== What is required ==
Using the data beneath this instruction, retype only the lines from the one that contains "CH114 - CHOPP" down to the one that contains "Mesmo local.", both included, exactly as they appear.

++++ Given records

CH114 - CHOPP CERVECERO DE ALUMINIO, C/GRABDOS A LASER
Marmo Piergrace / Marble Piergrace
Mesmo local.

++++++++
++++ Given records

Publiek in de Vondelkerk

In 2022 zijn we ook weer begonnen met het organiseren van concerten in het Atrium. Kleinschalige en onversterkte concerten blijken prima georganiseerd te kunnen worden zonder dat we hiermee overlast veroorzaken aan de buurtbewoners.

++++++++
++++ Given records

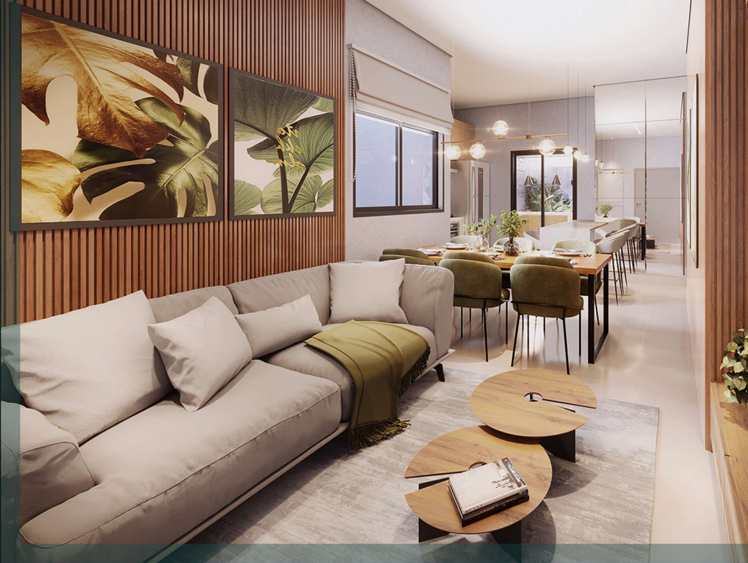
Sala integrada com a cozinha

++++++++

== Response to the exercise ==
CH114 - CHOPP CERVECERO DE ALUMINIO, C/GRABDOS A LASER
Marmo Piergrace / Marble Piergrace
Mesmo local.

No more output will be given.